◆ **Exercise description**
The entries are to be duplicated exactly, though any picture in them must be omitted.
━━━━━ Material for this exercise
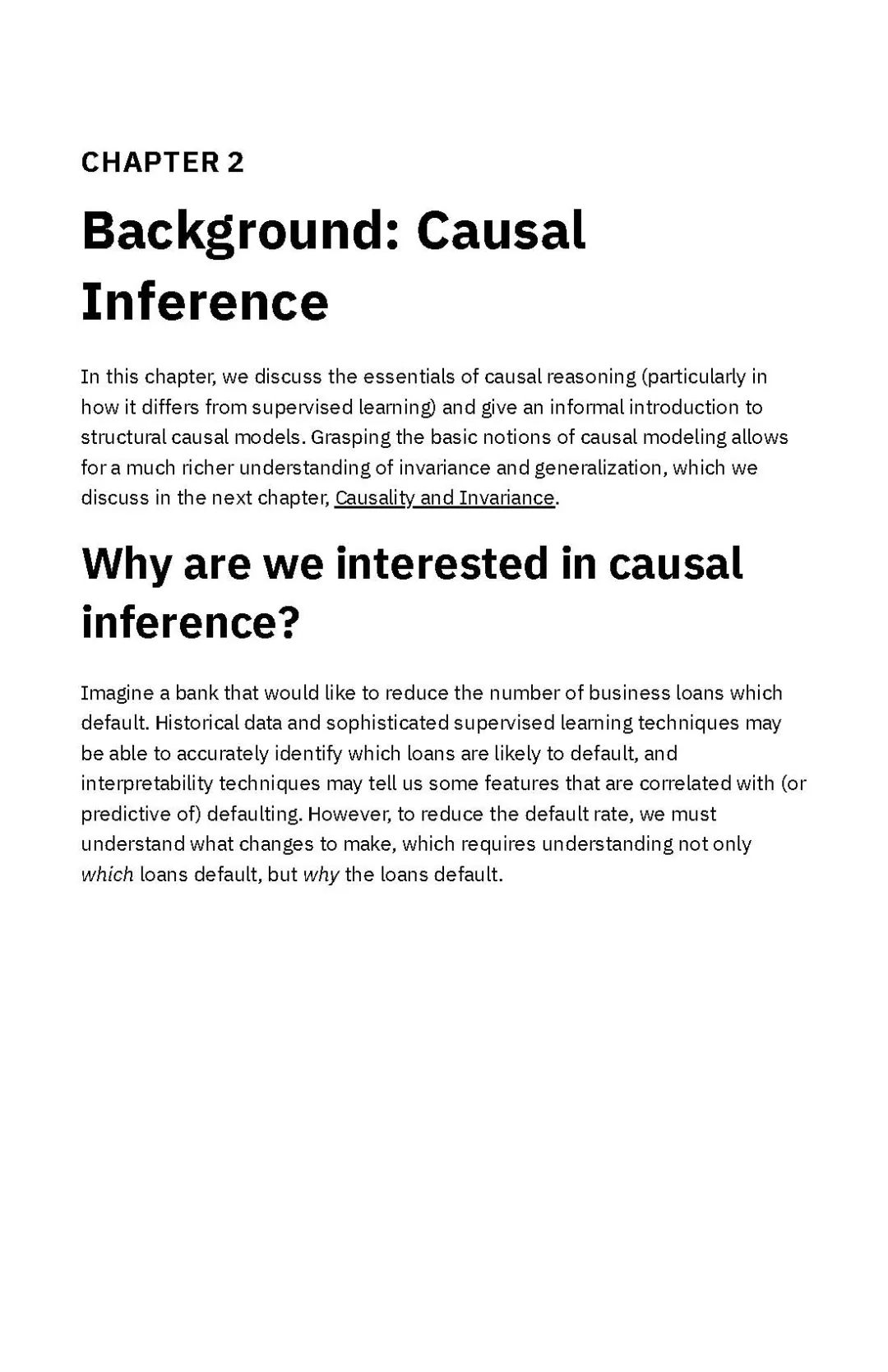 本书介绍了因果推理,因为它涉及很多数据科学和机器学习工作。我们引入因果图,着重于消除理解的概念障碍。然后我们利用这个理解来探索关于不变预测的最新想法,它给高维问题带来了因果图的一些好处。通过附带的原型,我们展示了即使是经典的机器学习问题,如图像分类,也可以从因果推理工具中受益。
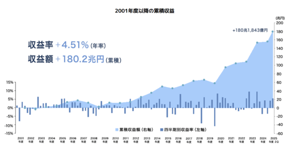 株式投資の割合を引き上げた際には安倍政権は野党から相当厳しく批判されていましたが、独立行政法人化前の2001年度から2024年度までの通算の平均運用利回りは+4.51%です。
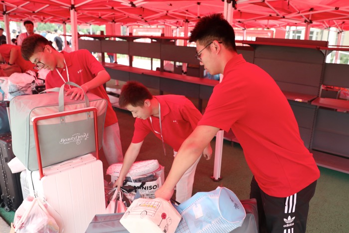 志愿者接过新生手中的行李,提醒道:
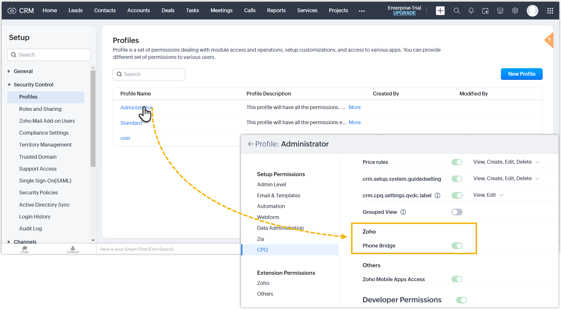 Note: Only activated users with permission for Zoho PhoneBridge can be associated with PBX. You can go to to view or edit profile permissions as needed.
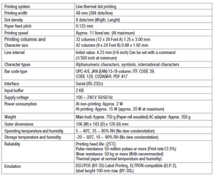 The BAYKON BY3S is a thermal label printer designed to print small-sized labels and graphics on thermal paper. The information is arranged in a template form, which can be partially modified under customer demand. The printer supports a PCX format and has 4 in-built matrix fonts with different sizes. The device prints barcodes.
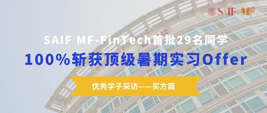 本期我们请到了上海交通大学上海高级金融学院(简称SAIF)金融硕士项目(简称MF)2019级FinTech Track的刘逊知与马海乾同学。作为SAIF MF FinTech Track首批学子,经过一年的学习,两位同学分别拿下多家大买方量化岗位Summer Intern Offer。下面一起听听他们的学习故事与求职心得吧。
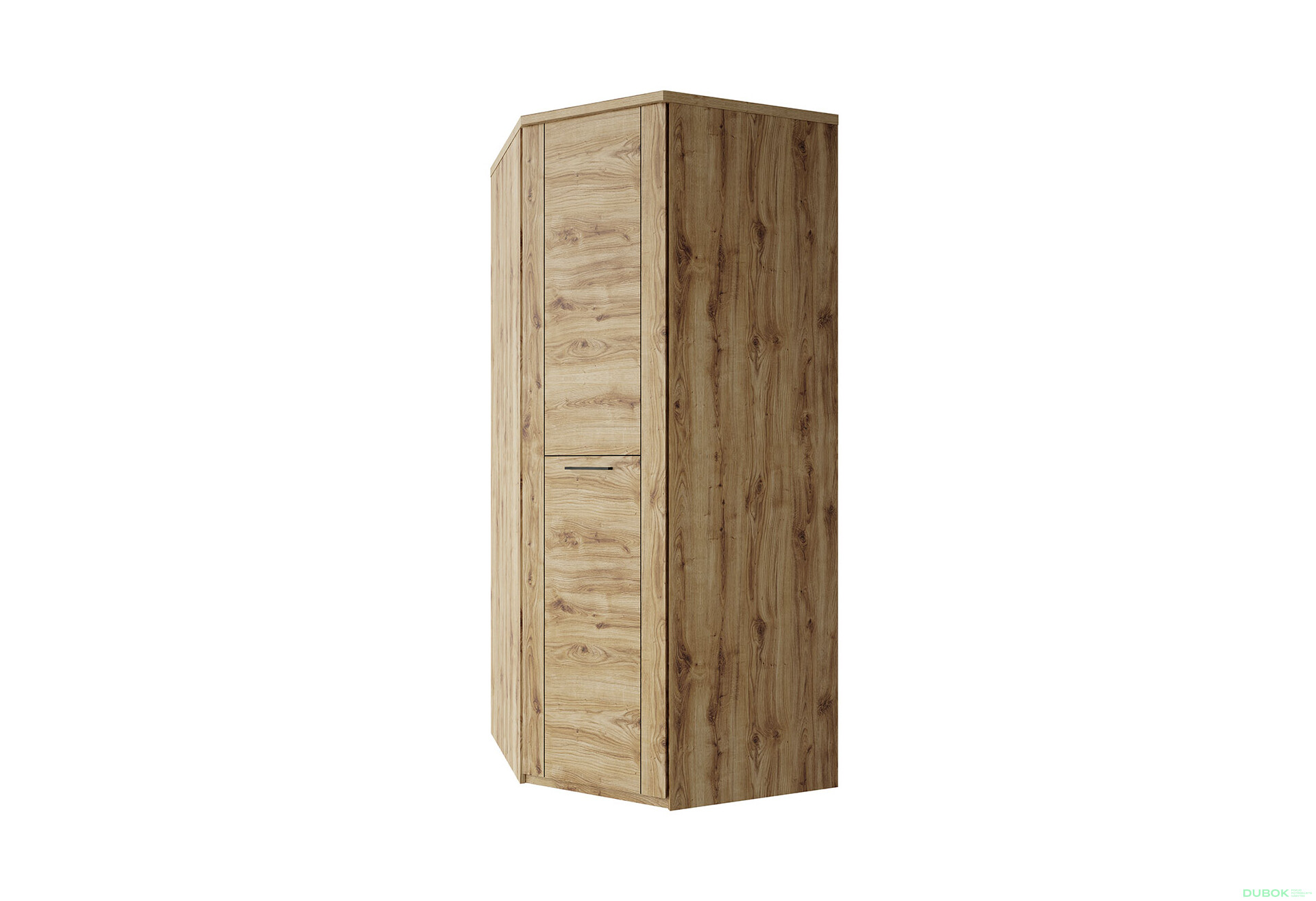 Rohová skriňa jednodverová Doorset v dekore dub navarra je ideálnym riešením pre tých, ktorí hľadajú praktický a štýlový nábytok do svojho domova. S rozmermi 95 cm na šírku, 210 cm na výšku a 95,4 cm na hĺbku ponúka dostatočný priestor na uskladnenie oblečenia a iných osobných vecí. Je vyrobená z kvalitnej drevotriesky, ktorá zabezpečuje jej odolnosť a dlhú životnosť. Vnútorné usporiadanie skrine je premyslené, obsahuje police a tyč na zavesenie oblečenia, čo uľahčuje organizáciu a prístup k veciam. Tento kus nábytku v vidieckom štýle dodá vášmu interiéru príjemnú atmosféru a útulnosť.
━━━━━━━━━━
◆ **Solution for this problem**
 本书介绍了因果推理,因为它涉及很多数据科学和机器学习工作。我们引入因果图,着重于消除理解的概念障碍。然后我们利用这个理解来探索关于不变预测的最新想法,它给高维问题带来了因果图的一些好处。通过附带的原型,我们展示了即使是经典的机器学习问题,如图像分类,也可以从因果推理工具中受益。
 株式投資の割合を引き上げた際には安倍政権は野党から相当厳しく批判されていましたが、独立行政法人化前の2001年度から2024年度までの通算の平均運用利回りは+4.51%です。
 志愿者接过新生手中的行李,提醒道:
 Note: Only activated users with permission for Zoho PhoneBridge can be associated with PBX. You can go to to view or edit profile permissions as needed.
 The BAYKON BY3S is a thermal label printer designed to print small-sized labels and graphics on thermal paper. The information is arranged in a template form, which can be partially modified under customer demand. The printer supports a PCX format and has 4 in-built matrix fonts with different sizes. The device prints barcodes.
 本期我们请到了上海交通大学上海高级金融学院(简称SAIF)金融硕士项目(简称MF)2019级FinTech Track的刘逊知与马海乾同学。作为SAIF MF FinTech Track首批学子,经过一年的学习,两位同学分别拿下多家大买方量化岗位Summer Intern Offer。下面一起听听他们的学习故事与求职心得吧。
 Rohová skriňa jednodverová Doorset v dekore dub navarra je ideálnym riešením pre tých, ktorí hľadajú praktický a štýlový nábytok do svojho domova. S rozmermi 95 cm na šírku, 210 cm na výšku a 95,4 cm na hĺbku ponúka dostatočný priestor na uskladnenie oblečenia a iných osobných vecí. Je vyrobená z kvalitnej drevotriesky, ktorá zabezpečuje jej odolnosť a dlhú životnosť. Vnútorné usporiadanie skrine je premyslené, obsahuje police a tyč na zavesenie oblečenia, čo uľahčuje organizáciu a prístup k veciam. Tento kus nábytku v vidieckom štýle dodá vášmu interiéru príjemnú atmosféru a útulnosť.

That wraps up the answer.